A magic tank starts out 4 inches in length, 4 inches wide, and 12 inches deep. As the tank is filled, it magically expands proportionally keeping it rectangular form just big enough to hold the liquid. If the liquid is being pumped into the tank at 8 cubic inches per minute, what is the rate at which the height of the tank is changing with respect to time when the height is 12 inches?
To find the rate at which the height of the tank is changing with respect to time, we need to use the concept of related rates from calculus.

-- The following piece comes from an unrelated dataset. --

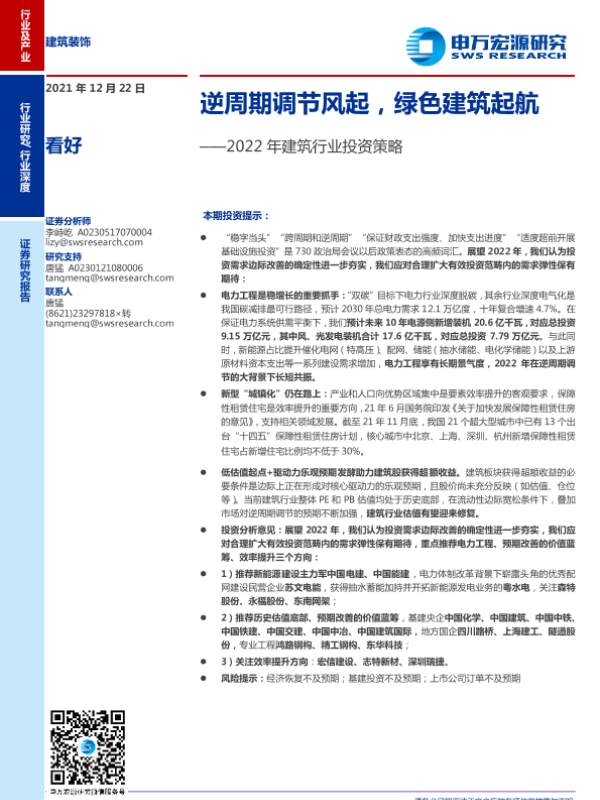 【申万宏源】【20211222】2022年建筑行业投资策略:逆周期调节风起,绿色建筑起航-29页
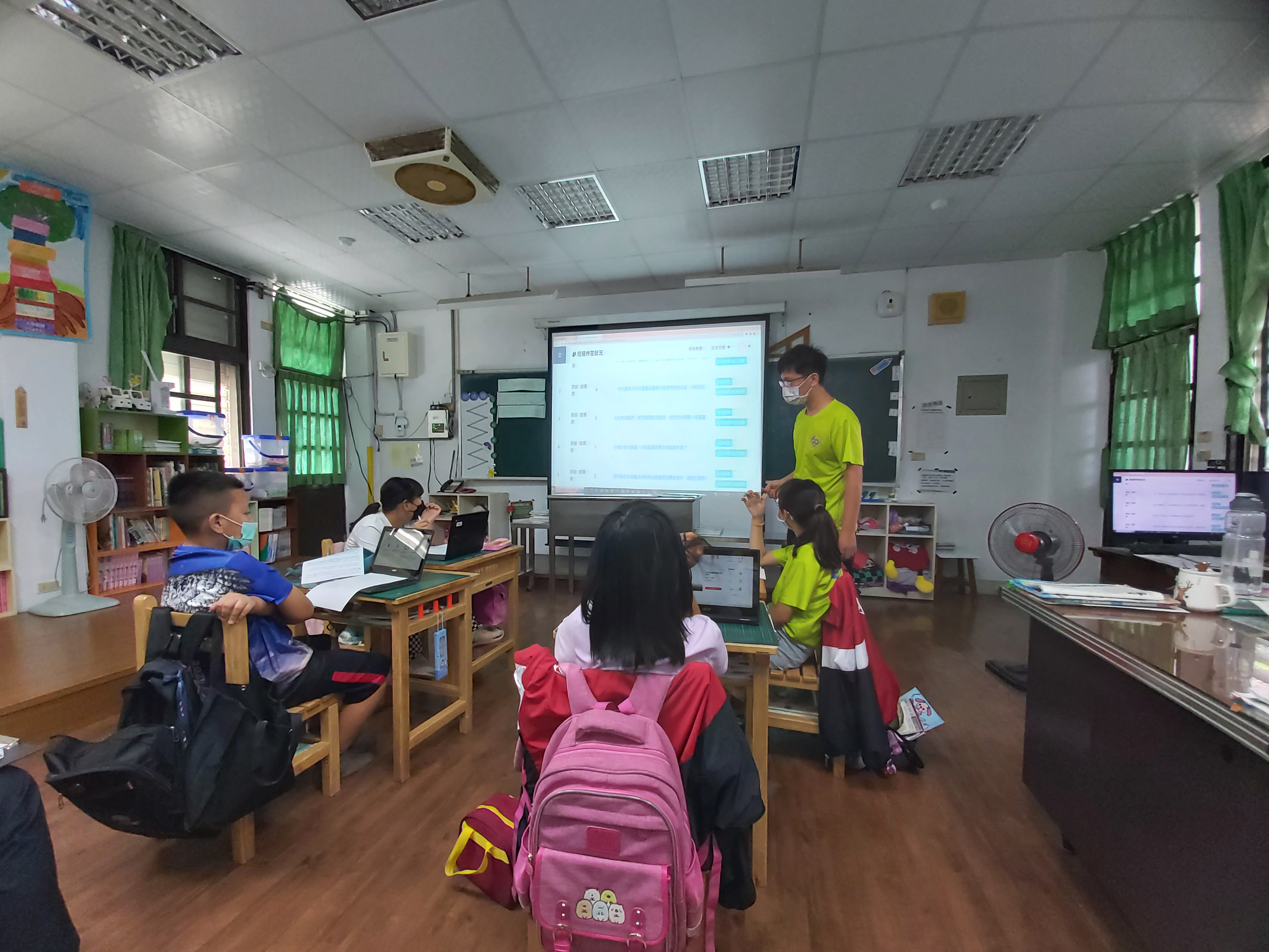 老師利用PaGamO和學生共同討論難點。(明里國小)

Let's denote the length of the tank as L, the width as W, the height as H, and the rate at which the height is changing with respect to time as dH/dt.
Given:
Initial length (L) = 4 inches
Initial width (W) = 4 inches
Initial height (H) = 12 inches
We are given that the tank is being filled at a rate of 8 cubic inches per minute. This information implies that the volume of the tank is increasing at a rate of 8 cubic inches per minute. So, we have:
dV/dt = 8 cubic inches/min,
where V represents the volume of the tank.
The volume of a rectangular tank is given by:
V = LWH,
where L, W, and H are the length, width, and height of the tank, respectively.
Since the tank retains its rectangular shape, we can express the volume using only one variable. As the height increases, the length and width will also expand proportionally to keep the shape rectangular. Let's denote the expansion factor as k.
L = kH,
W = kH.
Substituting these expressions for L and W into the volume formula, we have:
V = (kH)(kH)H = k^2H^3.
Differentiating both sides of this equation with respect to time (t), we get:
dV/dt = (2k^2H^2)(dH/dt).
Now, we can substitute the given values into the equation to solve for dH/dt:
dV/dt = 8 cubic inches/min,
H = 12 inches.
Plugging these values into the equation, we have:
8 = (2k^2(12)^2)(dH/dt).
Simplifying, we get:
8 = 288k^2(dH/dt).
Now, solving for dH/dt, we divide both sides by 288k^2:
dH/dt = 8 / (288k^2).
To find the value of k, we can use the ratio of the change in height to the initial height:
ΔH / H = (dH/dt) * Δt,
where ΔH is the change in height, H is the initial height, (dH/dt) is the rate of change, and Δt is the change in time.
In our case, ΔH is the difference between the initial height and the current height:
ΔH = H - H0 = 12 - 12 = 0.
Plugging in these values, we have:
0 / 12 = (dH/dt) * Δt.
Since the tank is being filled, the height is increasing and the rate of change, dH/dt, is positive. Therefore, we can divide both sides by Δt:
0 / 12Δt = dH/dt.
Simplifying, we get:
dH/dt = 0.
Now, plugging the value of dH/dt and the given values into the equation to find k:
0 = 8 / (288k^2).
Solving for k, we get:
k^2 = 36,
k = √36 = 6.
Now, we can substitute the value of k into the equation for dH/dt:
dH/dt = 8 / (288(6)^2).
Simplifying further, we get:
dH/dt ≈ 0.0056 inches per minute.
Therefore, the rate at which the height of the tank is changing with respect to time when the height is 12 inches is approximately 0.0056 inches per minute.